Stored data
===============
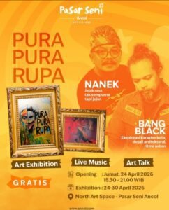 Sementara itu, pameran “Pura Pura Rupa” menghadirkan karya dua seniman, Nanek dan Bang Black, yang menampilkan eksplorasi visual dengan pendekatan reflektif dan karakter kuat,Pameran ini berlangsung hingga 30 April 2026 di North Art Space, menyuguhkan kombinasi art exhibition, live music, hingga sesi diskusi terbuka.
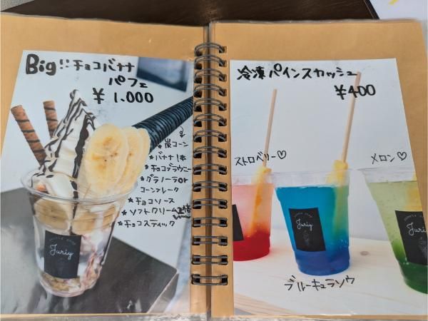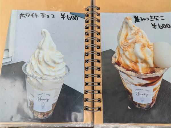 メニューはソフトクリームやパフェ、スムージーにソフトドリンクなど、バラエティに富んでいます。
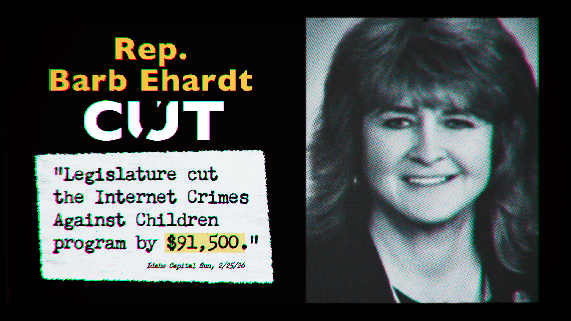 How did your state Representative vote? Child protection funding report: S1157 cut the Idaho Internet Crimes Against Children (ICAC) Task Force budget. passing by a single vote. ICAC is the front line defense against online predators: - tracking cyber-criminals- rescuing children from sexual exploitation- training law enforcement Your Representative’s record: Rep. Barb Ehardt VOTED to cut funds
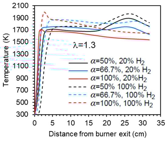 The influence of the primary air fraction on the temperature profile along the centreline is further illustrated in Figure 8 for λ = 1.3. In the case of α = 66.7%, the mixture remains fuel-rich in the reaction zone near the burner, but the temperature profiles are smoother compared to α = 50%. Higher temperatures are reached in the central recirculation zone, while the peak temperature at x ≈ 25 cm is significantly reduced. When α = 100%, a single peak temperature occurs near the burner, followed by a gradual decrease further downstream towards the exit section.
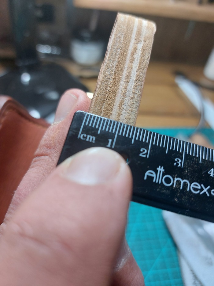 Сам крюк состоит из 4 слоев ременной кожи, общей толщиной 15мм в торце.
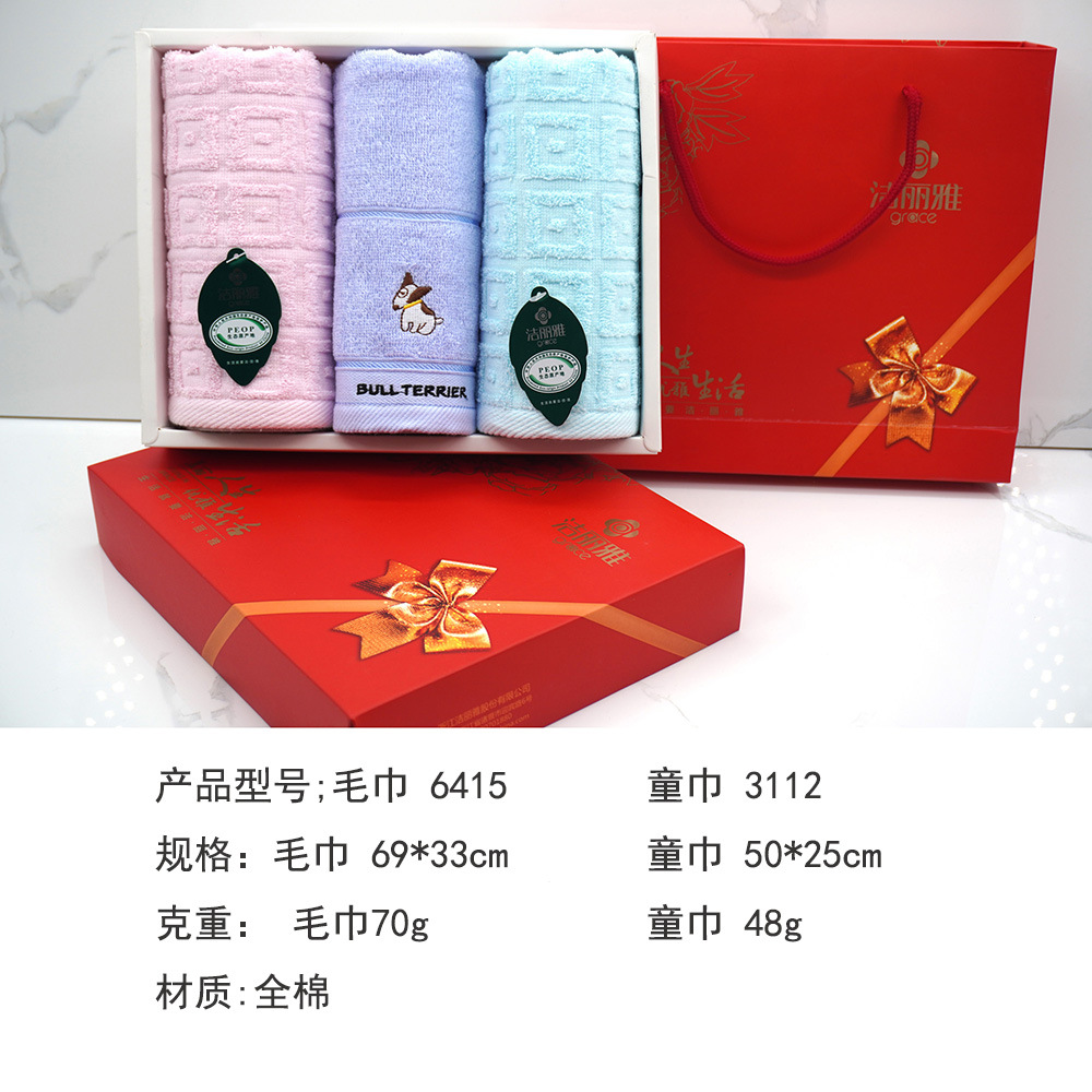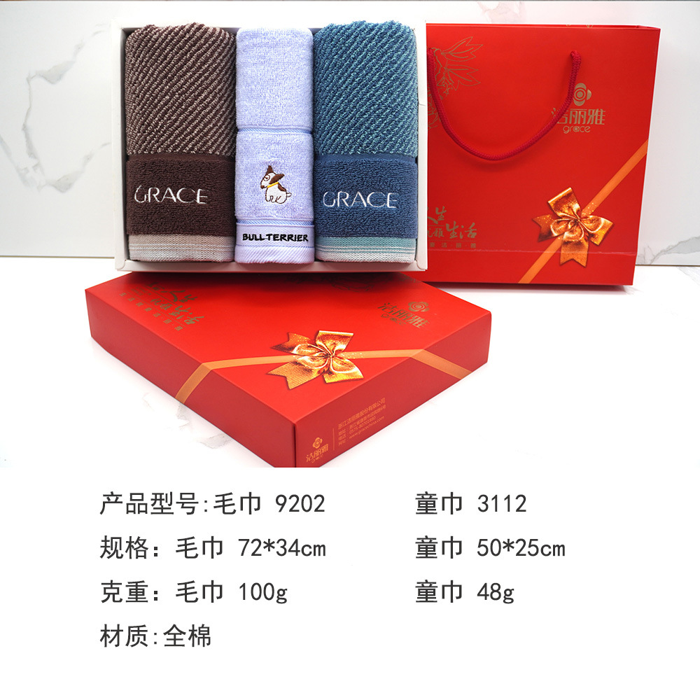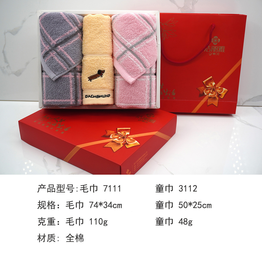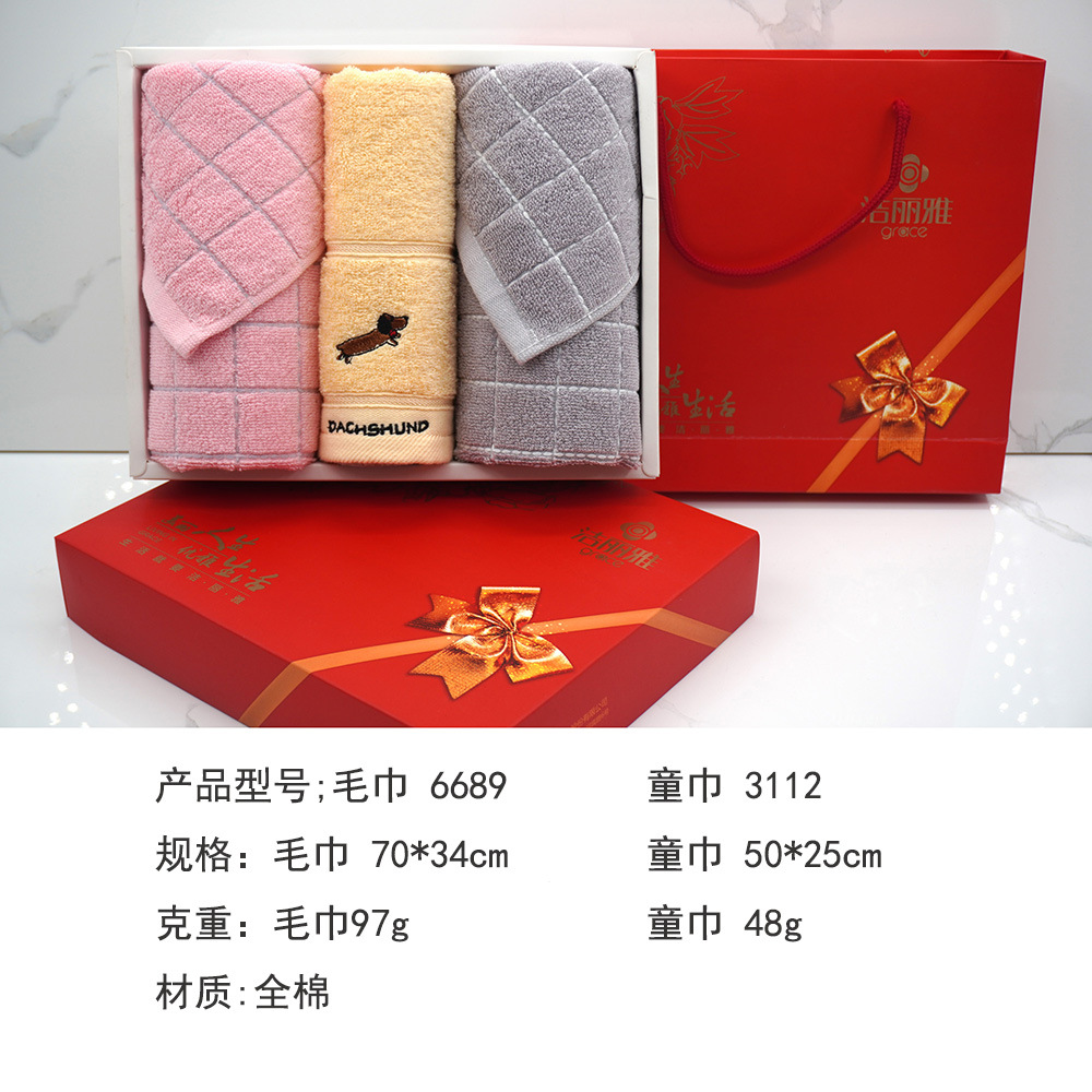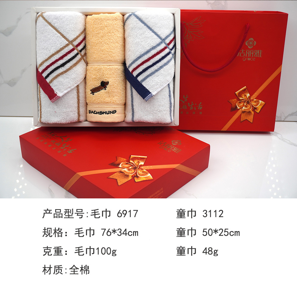 Jielia 3 팩 선물 상자 순면 2 수건 1 어린이 수건 3 박스 자수 로고 Jielia Towl 선물 상자
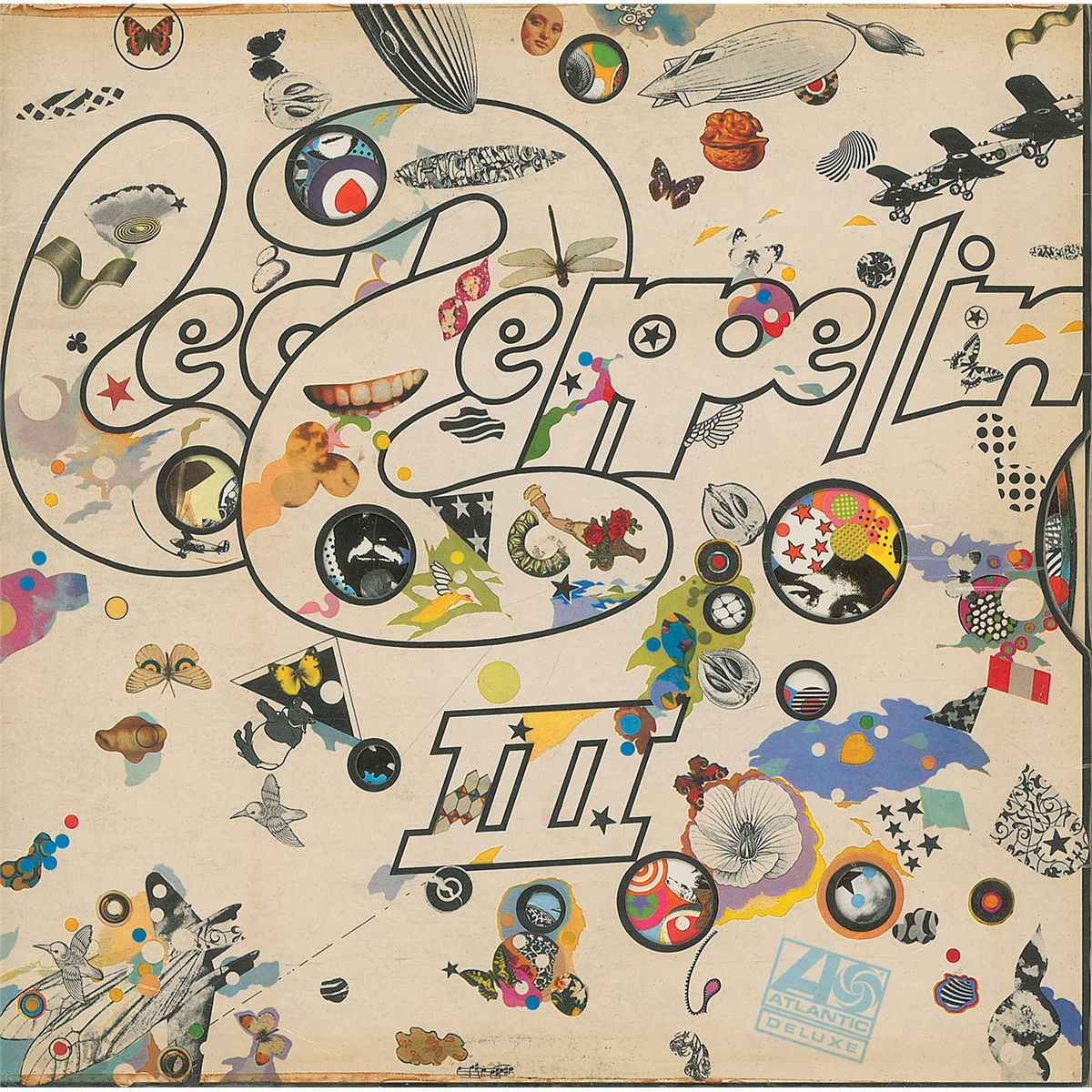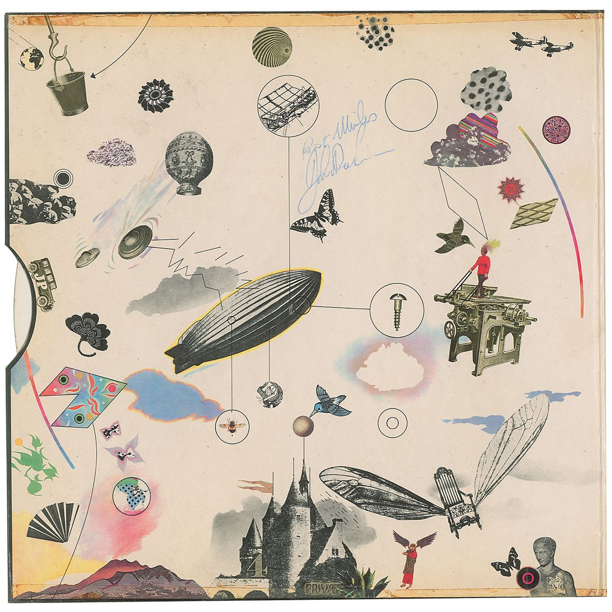 Rare first pressing of the Led Zeppelin III album signed on the inside of the gatefold in blue ballpoint, “Best wishes, John Bonham.” In fine condition, with old tape and toning to horizontal edges, a small separation along bottom edge of front cover, and a few light creases. The record is included. Released on the Atlantic ‘red/maroon’ label, the first pressing credited Peter Grant as Executive Producer, while subsequent pressings credited only Warner Bros. Music.
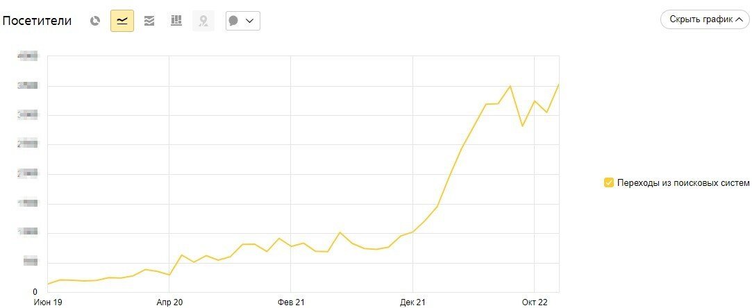 Мы пробовали работать с разными копирайтерами, специализирующимися на данной тематике, в рамках обозначенного бюджета. Идеально подходящего специалиста найти не удалось, а клиент требовал исключительно целевой трафик. Поэтому в марте 2022 г. мы перестали писать статьи.
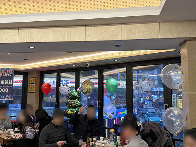 송년회가 12월 23일에 진행되었기 때문에 크리스마스 분위기가 나도록 장소에 미리 도착하여 공간을 꾸미는 작업을 진행했습니다.
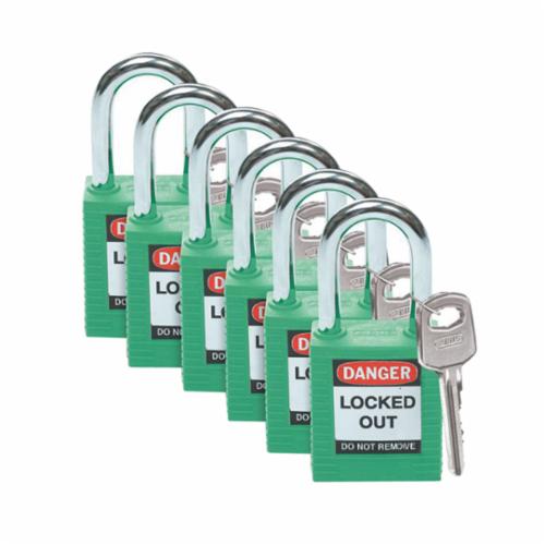 Brady Safety Padlock, Anti-Spark Key Retaining, Different Key, Green, Fiberglass Reinforced Nylon Body, 1/4 in Shackle Diameter, 1-1/2 in Shackle Height, 0.8 in Shackle Width, Triple Coated Hardened Steel Shackle, 1-3/4 in Body Length, 1-1/2 in Body Width, 6-Pin Cylindrical Locking Mechanism, Legend: DANGER LOCKED OUT DO NOT REMOVE, Non-Conductive Conductivity
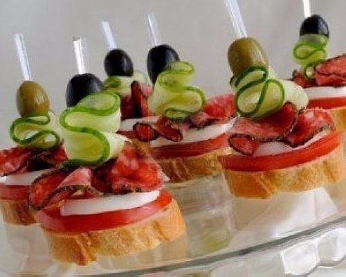 Очень эффектно смотрятся объемные волнистые канапе. На кусочек хлеба выложить кусочек помидора и сыра. Надеть на шпажку тонко нарезанную колбасу, полоски огурца, воткнуть шпажку в основание. Завершить можно половинкой оливки. Вместо колбасы волной можно нанизать тонко нарезанный сыр.
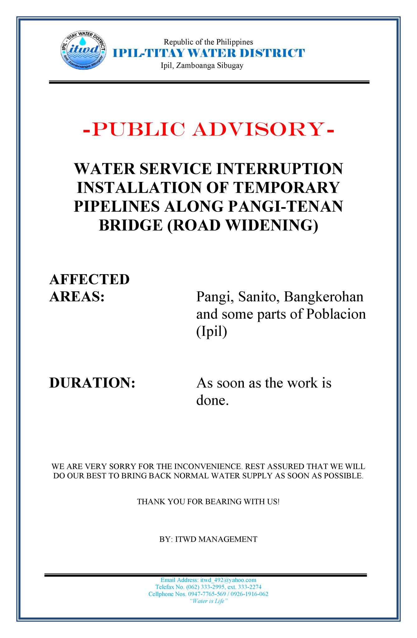 WATER SERVICE INTERRUPTION INSTALLATION OF TEMPORARY PIPELINES ALONG PANGI-TENAN BRIDGE (ROAD WIDENING)AFFECTED AREAS: Pangi, Sanito, Bangkerohan and some parts of Poblacion (Ipil)DURATION: As soon as the work is done.Rest assured that we will do our best to bring back normal water suply as soon as possible.If you have any concerns, you may contact us directly continue reading : -PUBLIC ADVISORY- (October 15, 2024)
===============
(WHAT IS NEEDED)
Copy every record exactly, without the pictures.

(SOLUTION FOR THIS EXERCISE)
 Sementara itu, pameran “Pura Pura Rupa” menghadirkan karya dua seniman, Nanek dan Bang Black, yang menampilkan eksplorasi visual dengan pendekatan reflektif dan karakter kuat,Pameran ini berlangsung hingga 30 April 2026 di North Art Space, menyuguhkan kombinasi art exhibition, live music, hingga sesi diskusi terbuka.
 メニューはソフトクリームやパフェ、スムージーにソフトドリンクなど、バラエティに富んでいます。
 How did your state Representative vote? Child protection funding report: S1157 cut the Idaho Internet Crimes Against Children (ICAC) Task Force budget. passing by a single vote. ICAC is the front line defense against online predators: - tracking cyber-criminals- rescuing children from sexual exploitation- training law enforcement Your Representative’s record: Rep. Barb Ehardt VOTED to cut funds
 The influence of the primary air fraction on the temperature profile along the centreline is further illustrated in Figure 8 for λ = 1.3. In the case of α = 66.7%, the mixture remains fuel-rich in the reaction zone near the burner, but the temperature profiles are smoother compared to α = 50%. Higher temperatures are reached in the central recirculation zone, while the peak temperature at x ≈ 25 cm is significantly reduced. When α = 100%, a single peak temperature occurs near the burner, followed by a gradual decrease further downstream towards the exit section.
 Сам крюк состоит из 4 слоев ременной кожи, общей толщиной 15мм в торце.
 Jielia 3 팩 선물 상자 순면 2 수건 1 어린이 수건 3 박스 자수 로고 Jielia Towl 선물 상자
 Rare first pressing of the Led Zeppelin III album signed on the inside of the gatefold in blue ballpoint, “Best wishes, John Bonham.” In fine condition, with old tape and toning to horizontal edges, a small separation along bottom edge of front cover, and a few light creases. The record is included. Released on the Atlantic ‘red/maroon’ label, the first pressing credited Peter Grant as Executive Producer, while subsequent pressings credited only Warner Bros. Music.
 Мы пробовали работать с разными копирайтерами, специализирующимися на данной тематике, в рамках обозначенного бюджета. Идеально подходящего специалиста найти не удалось, а клиент требовал исключительно целевой трафик. Поэтому в марте 2022 г. мы перестали писать статьи.
 송년회가 12월 23일에 진행되었기 때문에 크리스마스 분위기가 나도록 장소에 미리 도착하여 공간을 꾸미는 작업을 진행했습니다.
 Brady Safety Padlock, Anti-Spark Key Retaining, Different Key, Green, Fiberglass Reinforced Nylon Body, 1/4 in Shackle Diameter, 1-1/2 in Shackle Height, 0.8 in Shackle Width, Triple Coated Hardened Steel Shackle, 1-3/4 in Body Length, 1-1/2 in Body Width, 6-Pin Cylindrical Locking Mechanism, Legend: DANGER LOCKED OUT DO NOT REMOVE, Non-Conductive Conductivity
 Очень эффектно смотрятся объемные волнистые канапе. На кусочек хлеба выложить кусочек помидора и сыра. Надеть на шпажку тонко нарезанную колбасу, полоски огурца, воткнуть шпажку в основание. Завершить можно половинкой оливки. Вместо колбасы волной можно нанизать тонко нарезанный сыр.
 WATER SERVICE INTERRUPTION INSTALLATION OF TEMPORARY PIPELINES ALONG PANGI-TENAN BRIDGE (ROAD WIDENING)AFFECTED AREAS: Pangi, Sanito, Bangkerohan and some parts of Poblacion (Ipil)DURATION: As soon as the work is done.Rest assured that we will do our best to bring back normal water suply as soon as possible.If you have any concerns, you may contact us directly continue reading : -PUBLIC ADVISORY- (October 15, 2024)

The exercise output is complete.